In FIGS. 10 to 13, there are illustrated a scanner 200, a mirror 205, a mirror holder 210, a housing 220, a rotation shaft 226, a support part 222, a driving unit 230, a driving coil 232, a driving magnet 234, a sensing magnet 240, a Hall sensor 245, a spring 250, a hole 252, and a support string 260.
In this embodiment, a scanner 200 is presented, in which the other end of the spring 250 may be prevented from contacting the support part 222 of the housing 220, by a support string 260 that passes through the other end of the spring 250, to prevent noise that may occur during the operation of the scanner 200.
In describing this embodiment, the compositions for the mirror 205, mirror holder 210, housing 220, bearing, rotation shaft 226, driving unit 230, driving coil 232, driving magnet 234, sensing magnet 240, and Hall sensor 245 may be substantially the same as or may be in corresponding relationships with the components described for the first disclosed embodiment of an aspect of the invention, and thus will not be presented in further detail. The following description will focus more on the differences from the first disclosed embodiment described above, which include the support part 222, spring 250, and support string 260.
The support string 260 can have both ends coupled to the support part 222, and can pass through a hole 252, to be coupled with the other end of the spring 250 in a manner that allows sliding. In the first disclosed embodiment of the invention described above, the support part 222 may be the portions that would come into contact with the other end of the spring 250 if there is no soundproofing member used.

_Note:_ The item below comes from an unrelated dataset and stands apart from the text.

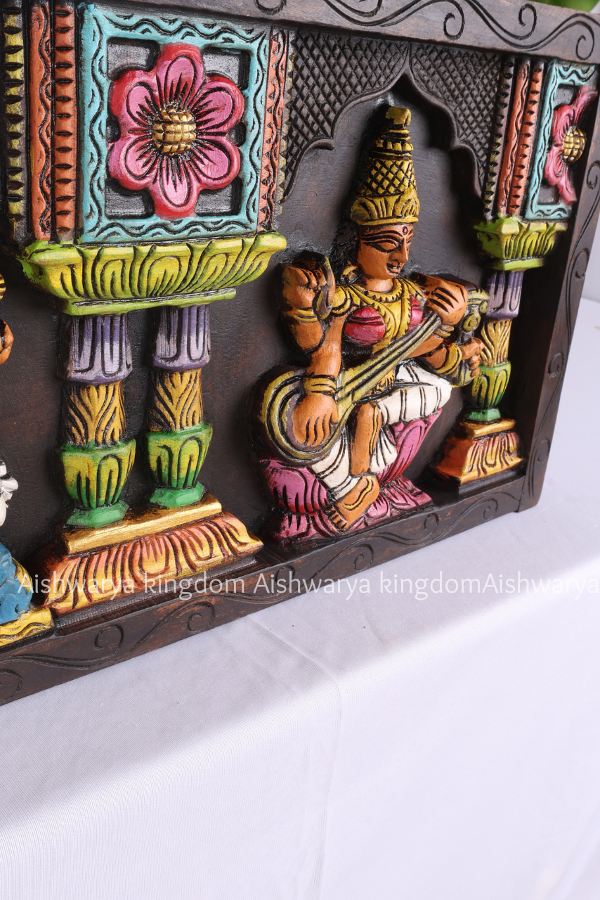 Wooden Handcrafted Double Pillar 3 God Panel
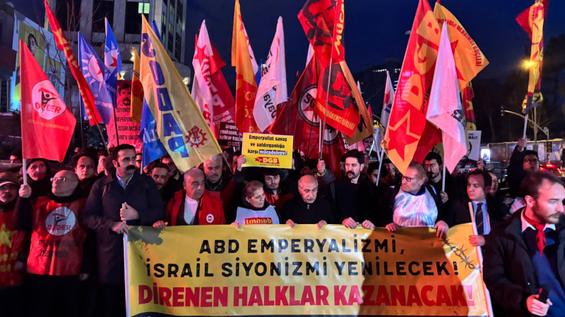 ABD ve İsrail'in İran yönelik saldırılarına karşı İsrail Konsolosluğu önüne yürüyen Emek Barış ve Demokrasi Güçleri, "İran ve Lübnan halklarının emperyalist-siyonist saldırganlığa karşı direnişi meşrudur. Halkların dayanışması bu karanlığı yenecek güçtedir" dedi.

However, the support part 222 can also encompass other portions, such as portions on the upper and lower casing of the housing 220, to which the rotation shaft may be rotatably coupled. In this embodiment, either end of the support string 260 may be coupled to the upper and lower casing of the housing 220, respectively, to prevent or reduce noise.

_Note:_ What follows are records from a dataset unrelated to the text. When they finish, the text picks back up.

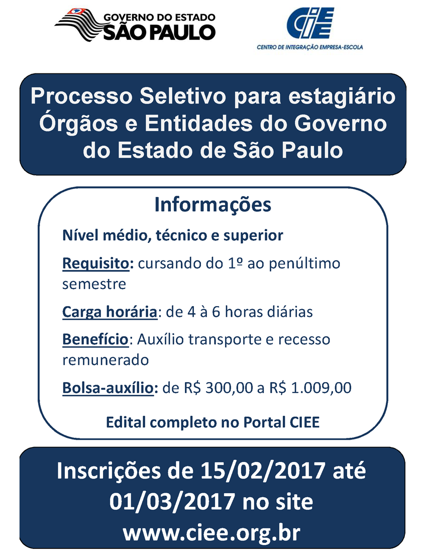 Inscricoes Abertas Para Estagio No Governo Do Estado Ciee
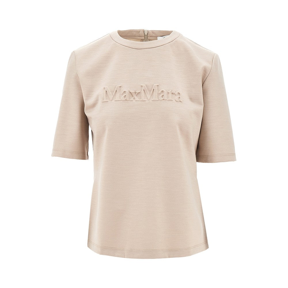 T-shirt girocollo a manica corta realizzata in compatto jersey di pura lana, arricchita dal logo lettering goffrato sul davanti. Vestibilità regolare.
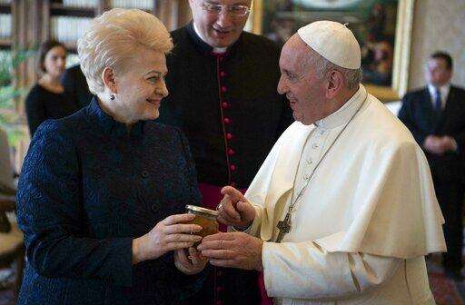 Pope Francis meets Lithuania President Dalia Grybauskaite during their private audience at the Vatican, Thursday, March 28, 2019. (Maurizio Brambatti/Pool photo via AP) The Associated Press
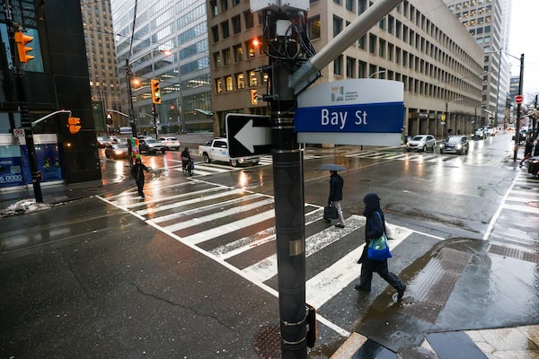Bay St. in Toronto's Financial District on Jan. 6. Companies in the S&P/TSX Composite Index have increased profit margins to 15.6 per cent, from 11.6 per cent six years prior, according to FactSet.Cole Burston/The Globe and Mail

That is, a hole 252 may be formed in the other end of the spring 250, and the support string 260 may pass through this hole 252, to provide an arrangement in which the support string 260 is slidably coupled to the other end of the spring 250. Thus, when the mirror holder 210 is undergoing rotation (G), the support string 260 may not hinder the rotation of the mirror holder 210, as illustrated in FIG. 12. However, as the support string 260 slides through the other end of the spring 250 according to the rotation of the mirror holder 210, the support string 260 may prevent the spring 250 from moving at positions near the points where the rotation of the mirror holder 210 changes direction (F, H), as in the examples shown in FIG. 11 and FIG. 13, so that the other end of the spring 250 can be prevented from touching the support part 222.

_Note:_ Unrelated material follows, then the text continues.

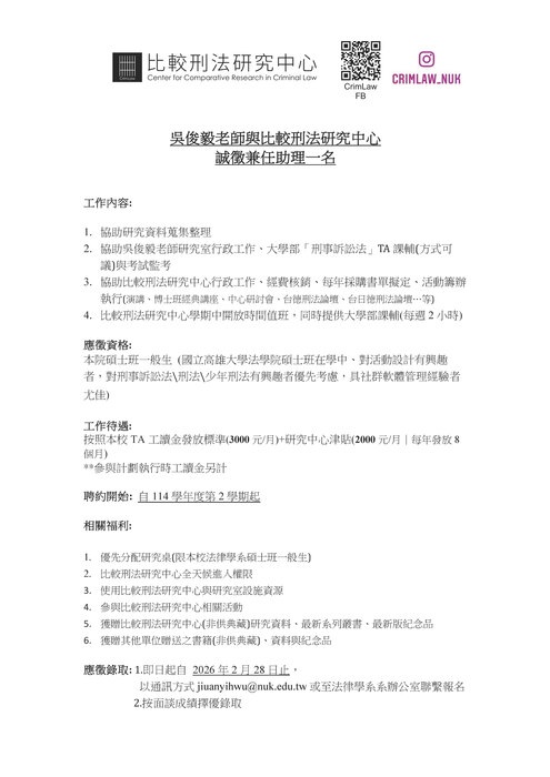 【徵求助理】吳俊毅老師與比較刑法研究中心誠徵兼任助理一名

Also, similar to the first disclosed embodiment, the length of the support string 260 may be adjusted, to balance the level of power consumption with the controllability during the direction changes in the rotation of the mirror holder 210. The descriptions on this matter will not be repeated.
While this embodiment has been described with a support string 260 as an example of the soundproofing member, it is to be appreciated that the invention encompasses other compositions and coupling relationships known to those skilled in the art that are capable of preventing or reducing noise caused by contact between the other end of the spring 250 and the support part 222.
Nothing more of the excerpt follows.